◆ Directions ◆
Stop after the line holding "2.Flexible Entry Options: Enjoy". Repeat exactly every line before it in the records below, that line too, and leave out the pictures.

Material supplied below:

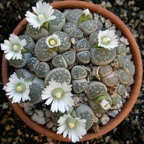 生石花(学名:Lithops),又名石头玉、屁股花。因其形如彩石,色彩丰富,娇小玲珑,享有“有生命的石头”的美称。植物顶部有一裂缝,裂缝中开花,花朵大都呈雏菊状,一般在盛夏至中秋盛开。
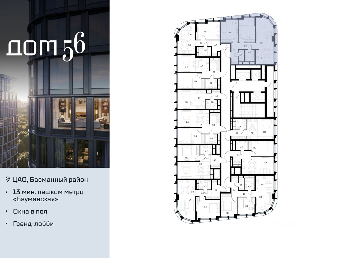 "Дом 56" - расположен в Басманном районе на ул. Фридриха Энгельса, всего в 12-15 минутах пешком от станций метро "Бауманская" и "Электрозаводская".
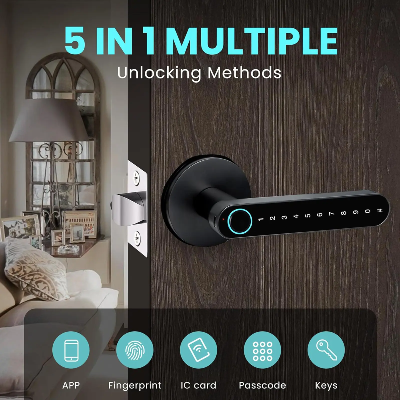 2.Flexible Entry Options: Enjoy multiple unlocking methods with this biometric door knob, including fingerprint identification, phone app control, password, IC card, and mechanical key for a truly keyless entry door lock experience suited to every user.
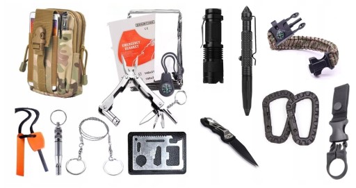 Набір для виживання з місткою сумкою, яку можна розмістити на поясі, рюкзаку або повісити на карабін.
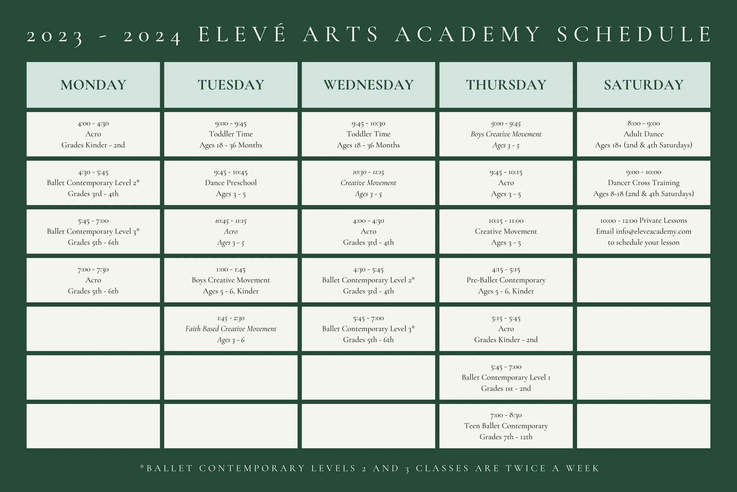 We love having your child at our studio. We don’t love sharing germs. If your child is showing any of the below symptoms, and there is no known and non-contagious cause (teething, allergies, etc.), please keep your child home from class. If you know in advance that your child will be missing class, please let your teacher know. You are welcome to attend a make up class as soon as your child is better. Please email info@eleveacademy.com to let us know what class you plan on attending so that we can prepare accordingly.
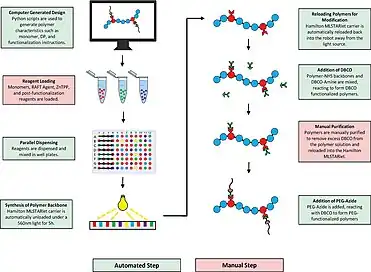While juxtaposed against free-radical polymerization, the application of automated synthesis can be utilized for controlled radical polymerization too. These methods have been used within reversible addition-fragmentation transfer (RAFT), atom-transfer radical (ATRP), and nitroxide-mediated polymerizations, demonstrating the ability of robots to improve efficiency and reduce the hardship of performing reactions.[13] For example, with the automatic dispensation of reagents, Symyx Technologies Inc. was able to polymerize styrene and butyl acrylate through ATRP.[13] In addition, this functionality was supported by Zhang et al. within their research, finding that reproducibility and comparability were equivalent to classical ATRP.[18]
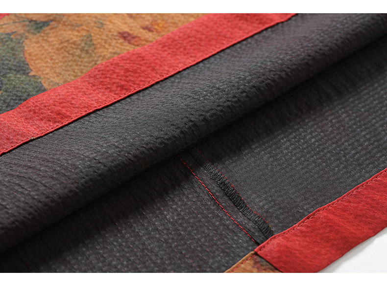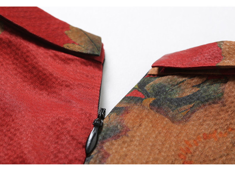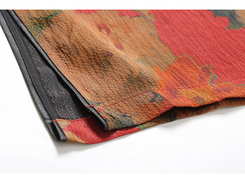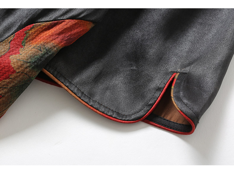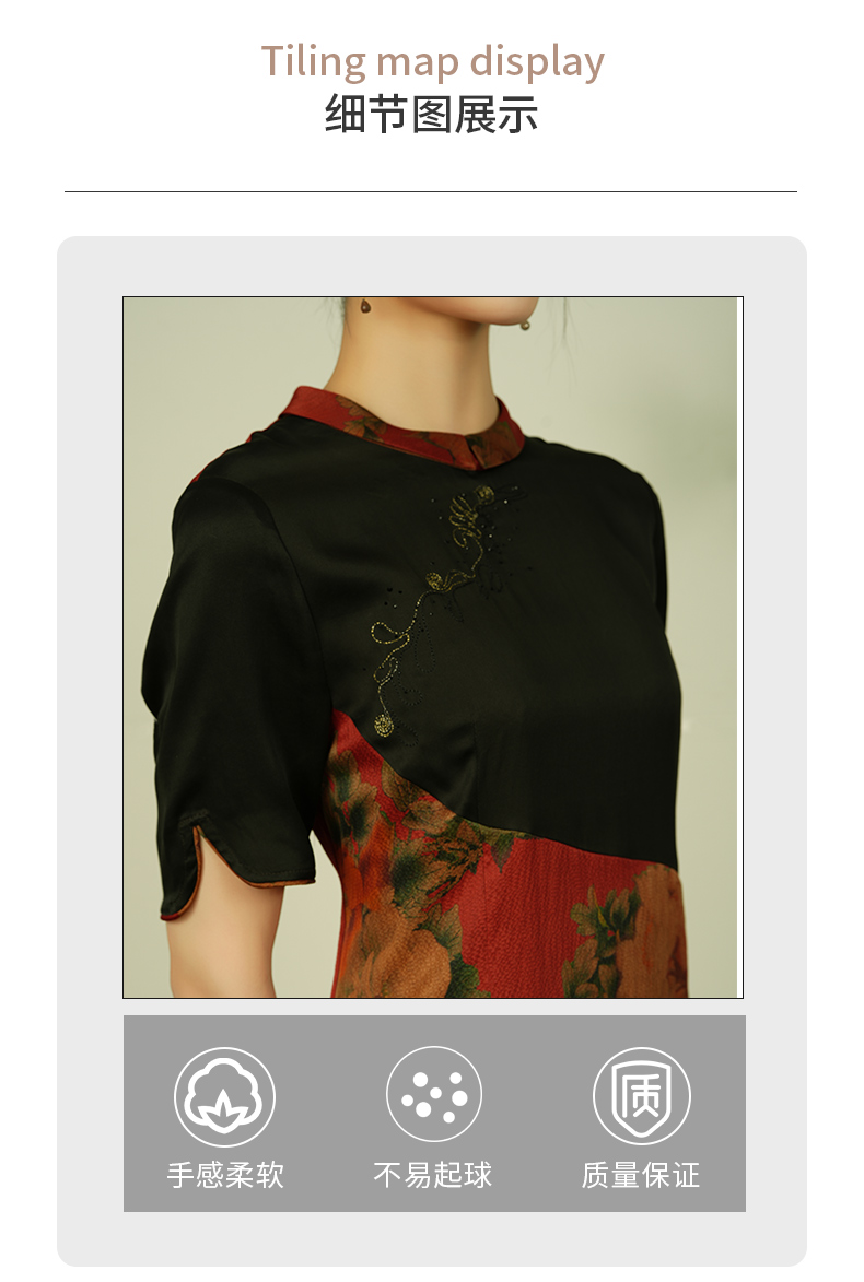 【红色复古花】【香云纱】乔万尼新款夏装重磅真丝连衣裙拼接复古印花桑蚕丝长裙ES2E123
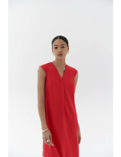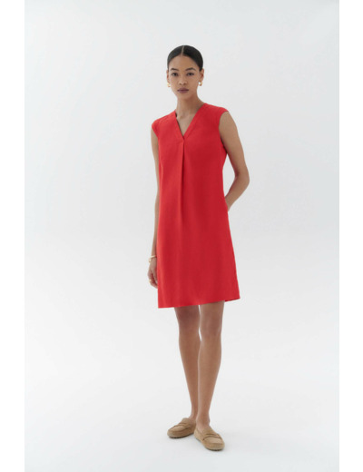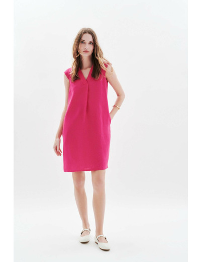Robe à la coupe droite, sans manches avec mancherons, encolure V avec large pli plat. Longueur 95 cm pour une taille 38. Tissu principal : lin 100 %. Modèle non doublé. Lavage conseillé à 30°C avec action réduite pour préserver la matière.
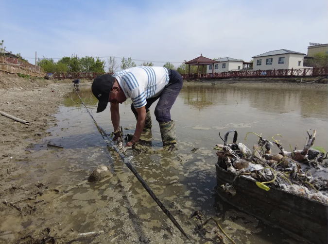 在决肯村荷花池边,工人师傅正在下种。这些刚刚打开的藕种,都已经发芽了,现在正是播种的好时机。这些藕种由武汉农科院精心挑选,他们依据新疆独特的气候特征,从众多品种中筛选出6个适宜品种,共计33件1650斤,并将其运送至新疆。
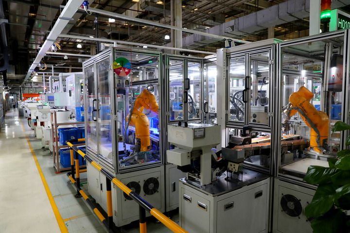 這是上海嘉定安波福智能化工廠生產(chǎn)車間(5月23日攝)。新華社記者 龔兵 攝
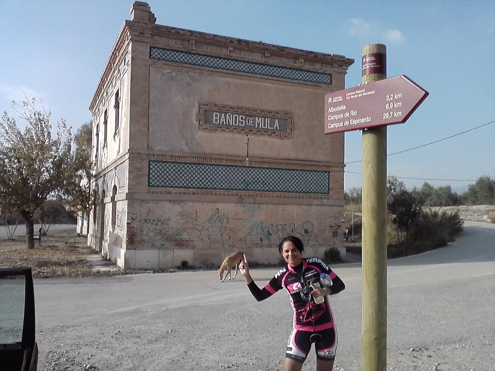 Dejamos los coches en un área de descanso que se ha creado al pié de las ruinas del antiguo apeadero en los Baños de Mula, y arrancamos una ruta en la que el paisaje es realmente bonito, y donde a lo largo de casi todo el trayecto, se respira paz y tranquilidad, exceptuando claro, los tramos en los que se atraviesan núcleos urbanos.
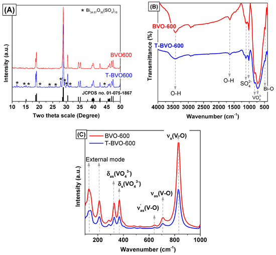 To investigate the presence of functional groups and bonds in the material structure, the material was analyzed by FT-IR, as shown in Figure 1B. In general, both T-BVO-600 and BVO-600 samples have characteristic vibration peaks for m-s BiVO4, which is consistent with the FT-IR results for the BiVO4 material in the previous study. These peaks are the stretching vibration (δ) and bending vibration mode (υ) respectively, of the O–H bond of the water molecules adsorbed onto the surface of the material [22], the bending vibration of the Bi–O bond [23], the stretching vibration of the group [22,23], and the asymmetric stretching vibration of V=O [24]. Also, the presence of the group on the T-BVO-600 sample was detected through FT-IR spectra at wavenumbers of 1110 and 1016 cm−1, corresponding to the asymmetric and symmetric stretching vibrations of S=O bonds [25].
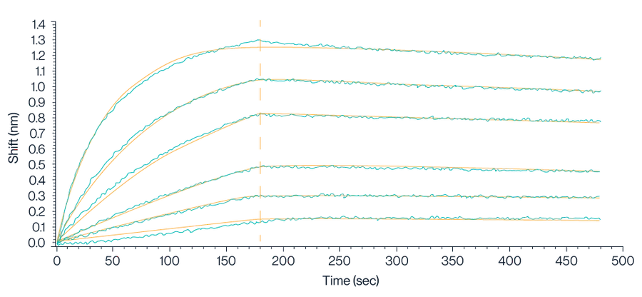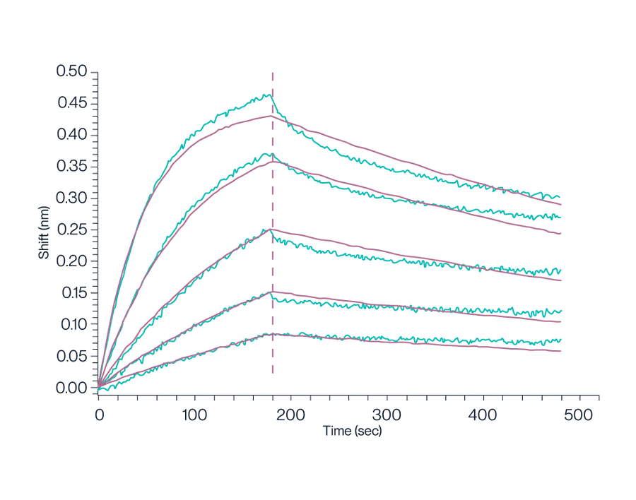 Figure 4. Biolayer Interferometry (BLI) data demonstrates the binding kinetics of Claudin 18.2 VLPs to streptavidin-labeled probes. The analysis reveals a high binding affinity with a dissociation constant (KD) of approximately 5.73E-10 M, indicating strong and stable interaction.

End of Material supplied.

◆ Completed task ◆
 生石花(学名:Lithops),又名石头玉、屁股花。因其形如彩石,色彩丰富,娇小玲珑,享有“有生命的石头”的美称。植物顶部有一裂缝,裂缝中开花,花朵大都呈雏菊状,一般在盛夏至中秋盛开。
 "Дом 56" - расположен в Басманном районе на ул. Фридриха Энгельса, всего в 12-15 минутах пешком от станций метро "Бауманская" и "Электрозаводская".
 2.Flexible Entry Options: Enjoy multiple unlocking methods with this biometric door knob, including fingerprint identification, phone app control, password, IC card, and mechanical key for a truly keyless entry door lock experience suited to every user.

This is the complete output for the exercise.